Duhanaj v. Ashcroft

ORDER

Nusha Duhanaj seeks judicial review of an order of the Board of Immigration Appeals (“BIA”), which affirmed a finding that she was subject to deportation despite her applications for asylum and withholding of deportation. The parties have waived oral argument, and the panel unanimously agrees that it is not needed in this case. Fed. R.App. P. 34(a).

Duhanaj is a native and citizen of Albania, who last entered the United States in 1993. The Department of Justice charged that she was deportable because she had entered this country without inspection. Duhanaj conceded deportability, but she applied for asylum and for the withholding of deportation. An immigration judge (“IJ”) conducted a hearing at which Duhanaj testified that she and her family had been persecuted by the former Communist government in Albania. The IJ granted her request for voluntary departure but denied her applications for asylum and for the withholding of deportation. The BIA affirmed that decision on June 17, 2002.

To obtain asylum, Duhanaj must show that she is a refugee and also that she is entitled to asylum as a matter of discretion. See Mikhailevitch v. INS, 146 F.3d 384, 389 (6th Cir.1998). A refugee is defined as “an alien who is unable or unwilling to return to his home country because of persecution or a well-founded fear of persecution on account of race, religion, nationality, membership in a particular social group, or political opinion.” Id. (citations and internal quotation marks omitted). The BIA’s decision must be upheld if it is supported by substantial evidence on the record as a whole, even if we might have decided the case differently. See Ko*672liada v. INS, 259 F.3d 482, 486 (6th Cir. 2001). Hence, Duhanaj’s petition for review may be granted only if the evidence would compel a reasonable fact-finder to find the requisite fear of persecution. See id.

Duhanaj primarily alleged that her grandfather and father were politically active, that the former communist regime in Albania had executed her grandfather in 1951, and that her father was imprisoned for six months after the execution. She also alleged that her parents believed that the former government had spied on her family, that she was ostracized by the other students in middle school, that she was later rejected from a special school for musicians in 1990, that she attended an anti-communist political rally in 1991, and that her family was detained in a “concentration camp” (although it was apparent that she did not have a clear understanding of the phrase). The IJ found that these allegations were not fully credible, and noted several State Department reports which indicate that the former communist regime is no longer in power. Thus, the IJ denied Duhanaj’s application for asylum because she was not a refugee as defined in 8 U.S.C. § 1101(a)(42)(A).

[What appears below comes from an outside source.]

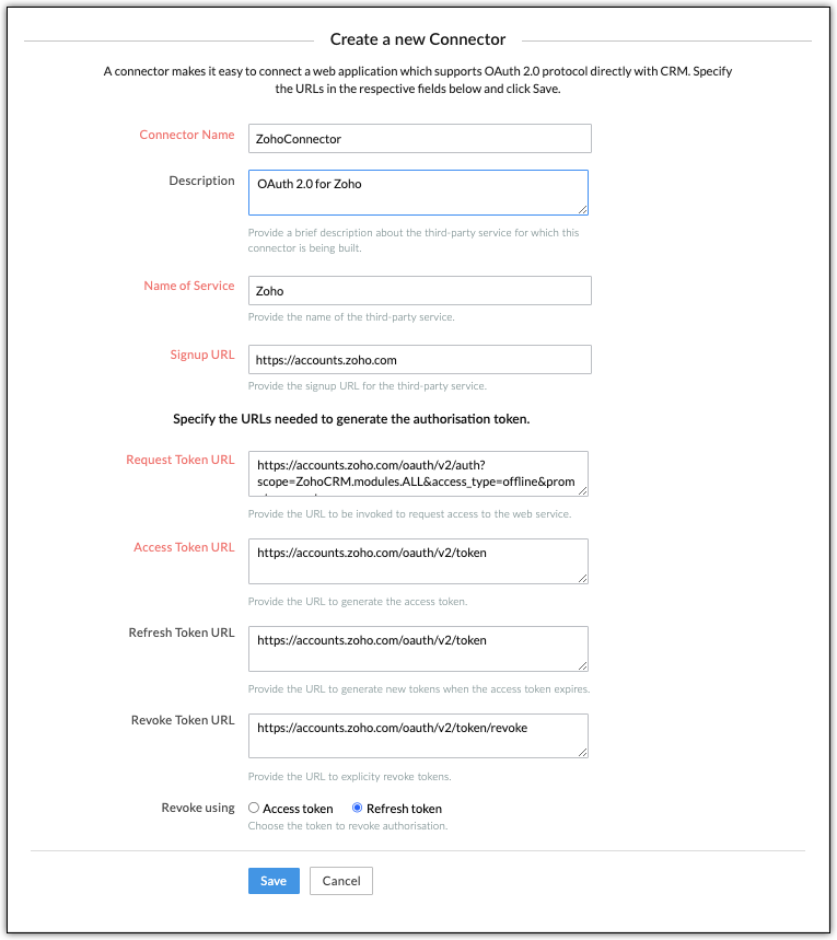 Revoke Token URL: Upon calling the Revoke Token URL, the application shall explicitly revoke tokens and revoke the granted access. Upon providing the Revoke Token URL, users are required to choose between Access Token or Refresh Token for the Revoke using field, which should be used when the Revoke token API call is made.

We conclude that Duhanaj’s allegations do not compel a finding that she has a well-founded fear of persecution and that substantial evidence supports the IJ’s finding that she was not a refugee. See Koliada, 259 F.3d at 487-88; Mikhailevitch, 146 F.3d at 389. Thus, we need not reach the question of whether her asylum application merited a favorable exercise of discretion. See Koliada, 259 F.3d at 488. As Duhanaj has not established eligibility for asylum, she is necessarily unable to meet the more rigorous standard required for the withholding of deportation. See id. at 489.

Accordingly, Duhanaj’s petition for judicial review of the BIA’s decision is denied. Rule 34(j)(2)(C), Rules of the Sixth Circuit.